Lucinda Williams ‘Locks’ Up First Rock Digital Songs Appearance
Thanks, "The Affair." The singer/songwriter's "Changed the Locks" opens the door to a sales chart for the first time in her lengthy career.

For the first time in her nearly 40-year career, folk-rocker Lucinda Williams makes an appearance on a Billboard song sales chart, as “Changed the Locks” debuts at No. 16 on Rock Digital Songs (dated Nov. 14) with 6,000 sold (up from nearly none the week before), according to Nielsen Music. She first released the track on her self-titled 1988 album. (Notably, Rock Digital Songs didn’t debut until 2010.)

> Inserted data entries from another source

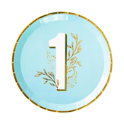 Jollity & Co. - 1st Birthday Dinner Plates in Blue - Pack of 8 Paper Plates
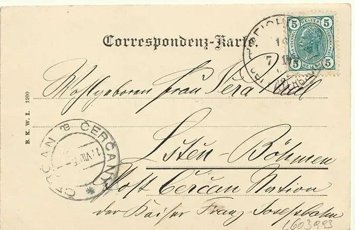 Bemerkungen: gelaufen Reichenau - Cercan (Böhmen) [19]05.
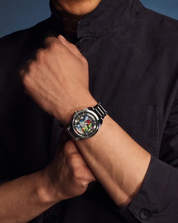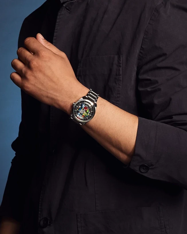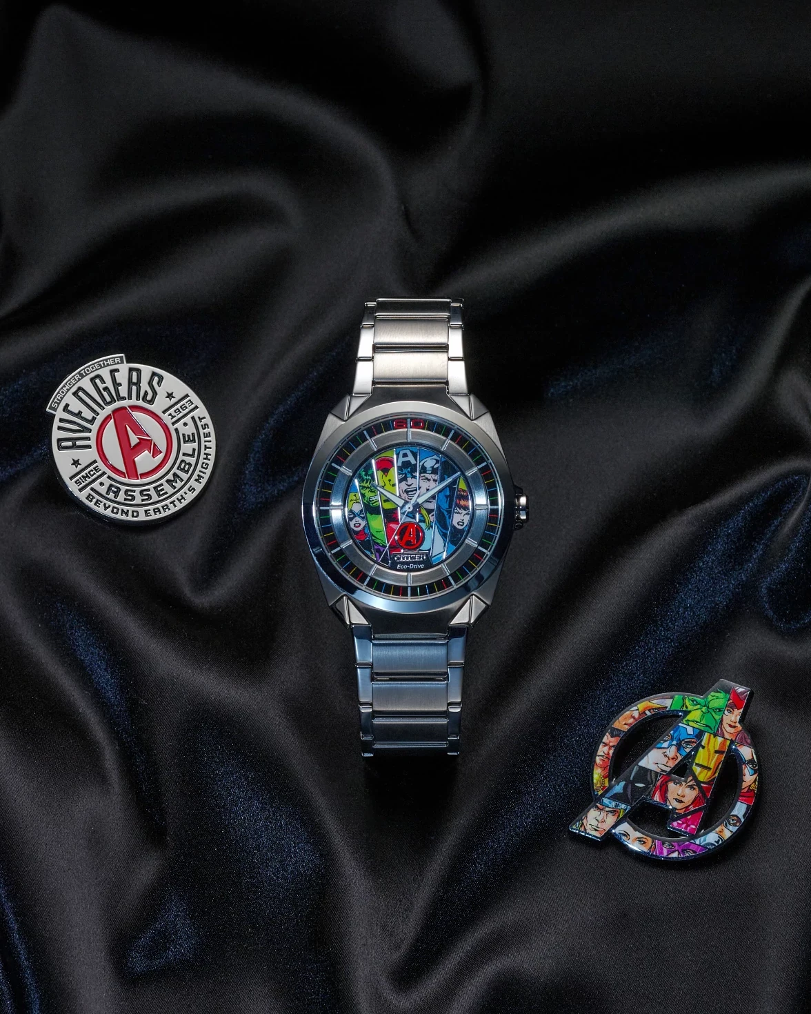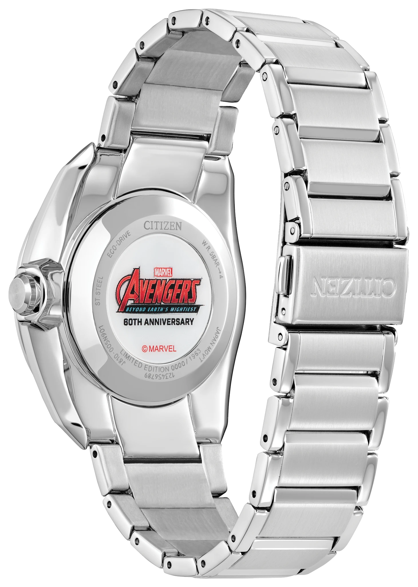 Celebrate sixty astounding years of this unparalleled team with Marvel’s… Avengers: Beyond Earth’s Mightiest watch and pin set from Citizen. Featuring Marvel’s Avengers on the dial, including Captain Marvel, Hulk, Tony Stark, Captain America, Thor, Black Panther, and Black Widow. The timepiece and unique art style highlights the first days of what has become six decades of incredible Super Hero adventures. A silver-tone stainless steel case anchors the design, with its geometric style giving the watch a tough, action-ready edge. Like the commemorative dial, the case back marks the 60th Anniversary, reading “Marvel Avengers: Beyond Earth’s Mightiest.” Sustainably powered by any light with Citizen’s proprietary Eco-Drive technology, this collector’s timepiece comes as part of a limited-edition box set with two celebratory pins. © 2023 MARVEL

The catalyst for the vault: a synch in Showtime’s The Affair, in which character Helen Solloway (played by Maura Tierney) drunkenly sings along to the song.
“Locks” has charted before on a Billboard ranking: Tom Petty and the Heartbreakers‘ version, from the She’s the One soundtrack, reached No. 20 on Mainstream Rock Songs in 1997.
While Williams charts new chart territory, she’s notched seven top 40 albums on the Billboard 200, rising as high as No. 9 with 2008’s Little Honey. Her most recent set, 2014’s Down Where the Spirit Meets the Bone, hit No. 1 on Folk Albums.
Prior to Petty’s “Locks” cover, Williams scored a commercial breakthrough thanks to her friend Mary Chapin Carpenter: she wrote Carpenter’s 1993 country-pop hit “Passionate Kisses,” first recorded on Williams’ 1988 set. The song hit No. 4 on Hot Country Songs and No. 11 on Adult Contemporary.